Dataset extract:
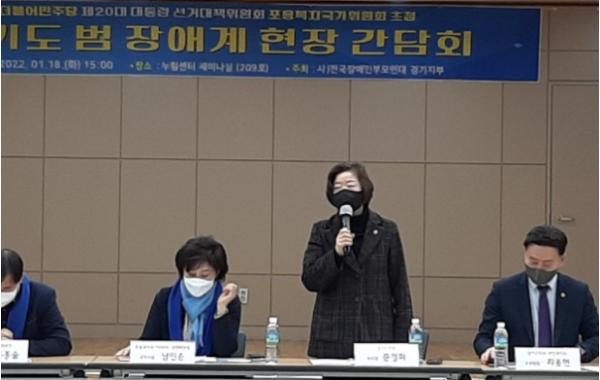 [한국뉴스타임=편집국] 경기도의회 문경희 부의장(더민주, 남양주2)은 18일, 더불어민주당 제20대 대통령 선거대책위원회 포용복지국가위원회 초청 경기도 범 장애계 정책간담회에 참석했다.
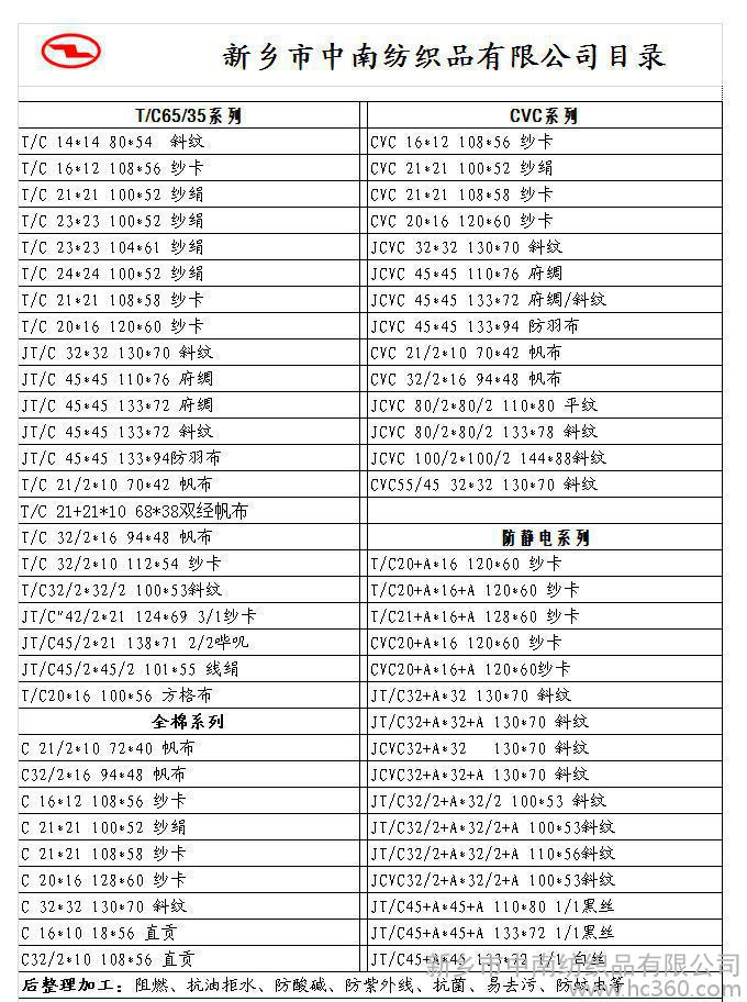 新乡市中南纺织品有限公司防紫外线面料常规品种有:
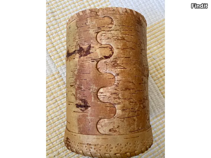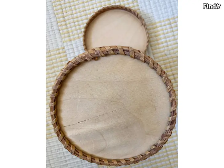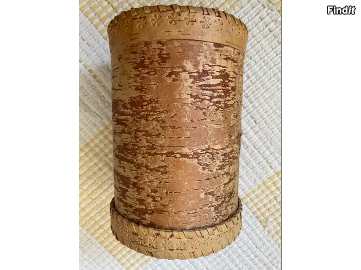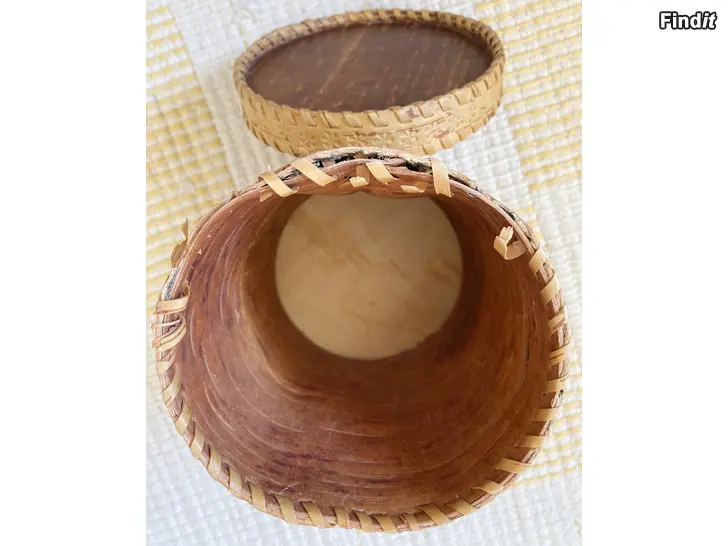 Rund vintage burk med lock handtillverkad av björknäver. Höjd 19 cm, diameter ca 13 cm
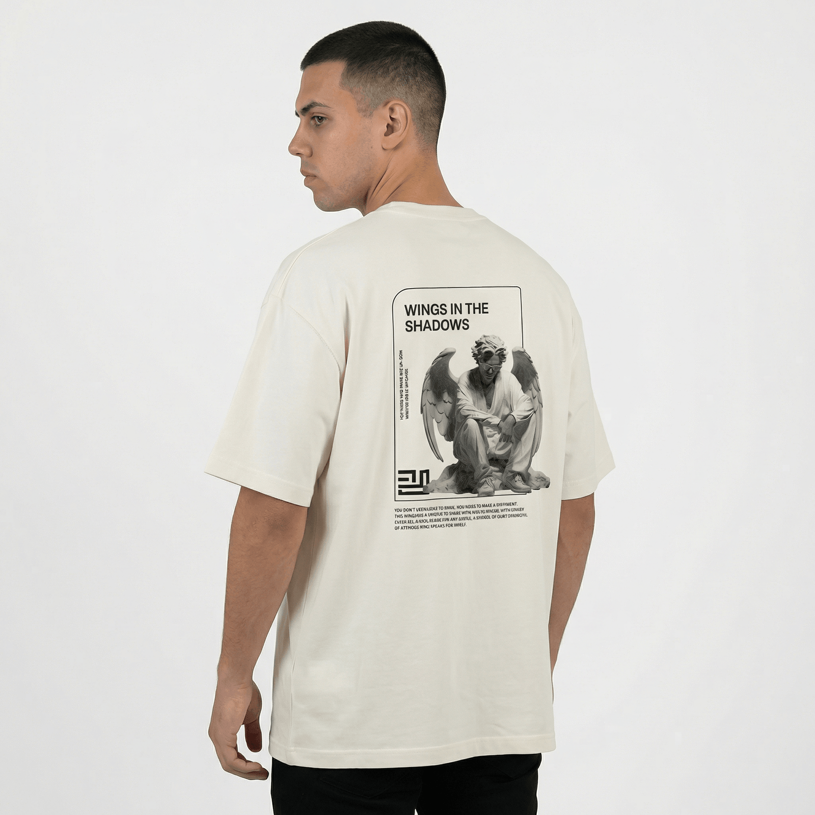 La verdadera fuerza no grita, se siente. Nace en el silencio, en las sombras donde te construyes a ti mismo. Para esos instantes, hemos creado la Camiseta Oversize Wings In The Shadows.

Work to complete: Copy out every line of the data above, taking care to leave the pictures out.

Solution for this problem:
 [한국뉴스타임=편집국] 경기도의회 문경희 부의장(더민주, 남양주2)은 18일, 더불어민주당 제20대 대통령 선거대책위원회 포용복지국가위원회 초청 경기도 범 장애계 정책간담회에 참석했다.
 新乡市中南纺织品有限公司防紫外线面料常规品种有:
 Rund vintage burk med lock handtillverkad av björknäver. Höjd 19 cm, diameter ca 13 cm
 La verdadera fuerza no grita, se siente. Nace en el silencio, en las sombras donde te construyes a ti mismo. Para esos instantes, hemos creado la Camiseta Oversize Wings In The Shadows.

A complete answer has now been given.